As the structures of the conventional PDP and the PDP apparatus, a commonly-used structure where a display line (L) formed of a set of a sustain electrode (X) and a scan electrode (Y) to be display electrodes (D) and extending in a lateral (first) direction is formed repeatedly (first structure) and a structure where a sustain electrode (X) and a scan electrode (Y) are arranged alternately and display lines (L) are formed of all of the adjacent sustain electrodes (X) and scan electrodes (Y) to be display electrodes (D) (second structure, corresponding to so-called ALIS structure) have been known. In the second structure, an odd-numbered (o) display line (Lo) is formed of a pair of a Y and an X on an upper side thereof and an even-numbered (e) display line (Le) is formed of a pair of the Y and an X on a lower side thereof, and the Y at the center is shared and used for the scan operation in the two adjacent Ls (that is, three Ds).
Further, in a PDP apparatus of the second structure, an interlace driving method is particularly used as its driving method, in which odd-numbered and even-numbered display lines (Lo, Le) are driven and displayed alternately in terms of time. A side to be driven and displayed is called a positive slit (positive side) and a side not to be driven and displayed is called a reverse slit (reverse side).
Further, with regard to the structure of barrier ribs (ribs) in a PDP, a structure where barrier ribs extending in a longitudinal (second) direction are arranged (stripe shape ribs) and a structure where barrier ribs are arranged into a grid shape so as to extend also in a lateral direction (grid shape ribs) have been known. Also, as the structures of the arrangement of Ds (X, Y) in a PDP of the first structure, a structure where X and Y are sequentially repeated such as {(X, Y), (X, Y) . . . } and a structure where pairs of (X, Y) and (Y, X) are sequentially repeated so that an X is adjacent to another X of an adjacent pair and a Y is adjacent to another Y of an adjacent pair such as {(X, Y), (Y, X), (X, Y) . . . } have been known. Further, as a sustain driving method in the PDP of the first structure, a method where adjacent Ds of the reverse slit are set to have the same phase (SSP) and a method where Xs are set to have the same phase and Ys are set to have the same phase (non SSP) have been known.

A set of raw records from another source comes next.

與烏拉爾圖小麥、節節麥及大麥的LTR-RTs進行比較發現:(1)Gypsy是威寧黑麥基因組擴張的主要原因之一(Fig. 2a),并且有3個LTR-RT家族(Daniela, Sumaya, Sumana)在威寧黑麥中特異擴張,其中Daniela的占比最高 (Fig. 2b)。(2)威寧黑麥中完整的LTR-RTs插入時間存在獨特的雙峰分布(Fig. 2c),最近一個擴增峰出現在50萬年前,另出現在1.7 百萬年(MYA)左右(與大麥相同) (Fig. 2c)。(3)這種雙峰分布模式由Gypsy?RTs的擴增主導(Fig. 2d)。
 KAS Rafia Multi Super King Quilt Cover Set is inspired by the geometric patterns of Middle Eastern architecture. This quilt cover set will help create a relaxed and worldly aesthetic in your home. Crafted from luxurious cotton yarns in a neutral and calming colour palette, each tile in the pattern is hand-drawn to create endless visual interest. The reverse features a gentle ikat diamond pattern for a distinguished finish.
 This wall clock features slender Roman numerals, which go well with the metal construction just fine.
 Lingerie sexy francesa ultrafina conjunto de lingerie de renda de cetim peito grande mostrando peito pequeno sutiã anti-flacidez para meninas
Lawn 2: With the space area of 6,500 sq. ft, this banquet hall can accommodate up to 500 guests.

Further, the structures of address electrodes (A) in PDP of the first and second structures include the following first and second A structures. In the first A structure, one ends of a plurality of As extending approximately in parallel to the longitudinal direction are connected to an address driving circuit (single (one side) A structure). In the second A structure, a plurality of As are divided into two types (Au, Ad) in the upper and lower areas (u, d) of PDP and the two types of As are connected to respectively different address driving circuits, and they (Au, Ad) can be driven from both the sides (double (both side) A structure). In the former, for driving a plurality of (for example, n lines of) Ys, scan pulses are applied to the Ys from the top (first line) to the bottom (n-th line) of the PDP. In the latter, for example, in a group of Ys including (1 to n/2) lines of Ys in the upper area (u) (Yu) and a group of Ys including (n/2+1 to n) lines of Ys in the lower area (d) (Yd), address operation can be simultaneously performed to different two Ys.

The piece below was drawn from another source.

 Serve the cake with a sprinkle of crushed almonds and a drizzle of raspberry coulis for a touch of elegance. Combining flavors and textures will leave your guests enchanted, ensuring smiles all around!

Further, a driving circuit (driver) for driving each electrode of a PDP is mounted by an IC (semiconductor integrated circuit) board. Electrodes of a PDP (in particular, bus electrodes) and output terminals of a driver (driver IC) are electrically connected via a connection portion. For example, the ends of the Ys of a PDP and the output terminals of a driving circuit to Y (Y driver) are connected by wirings of a flexible printed circuit board (FPCB) serving as a connection portion.

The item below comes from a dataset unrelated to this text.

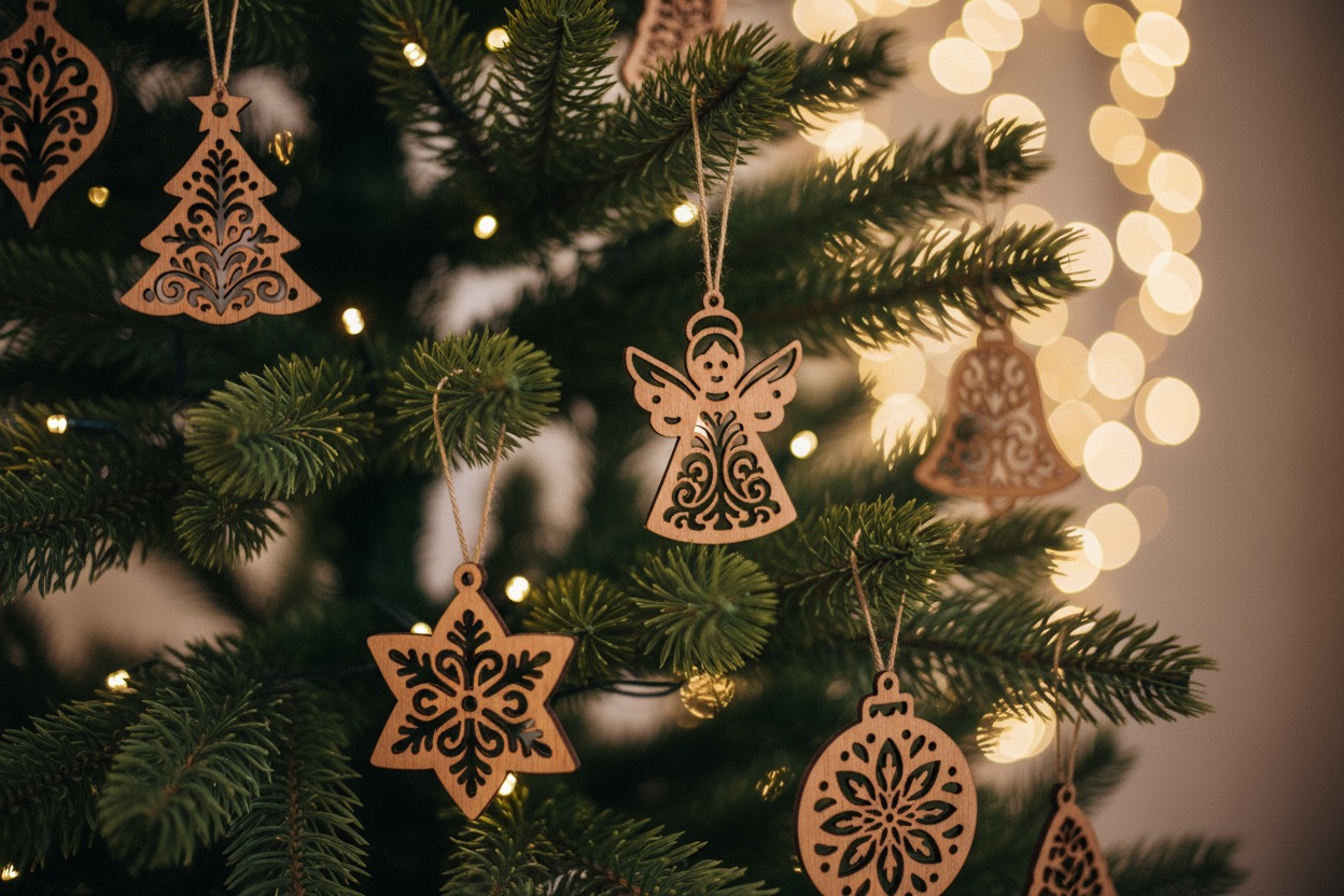 Ozdoby jsou vyrobené z kvalitní bukové překližky a ošetřené lněným olejem, který zvýrazňuje přirozenou kresbu dřeva a dodává jim hřejivý odstín. Každý kousek je ručně dokončený a jemně gravírovaný pro dokonalý detail.

Furthermore, as a driving method used in a PDP apparatus of the second structure, Japanese Patent Application Laid-Open Publication No. 2003-5699 (Patent Document 1) discloses a progressive driving method by two-stage reset and address operation having address disable operation. In this technology, as the address disable operation, one of adjacent Ls is put into a charge state where address discharge can be made, and the other L is put into a charge state where address discharge does not occur. Then, address discharge is generated in the one of adjacent Ls. By this means, progressive drive is performed.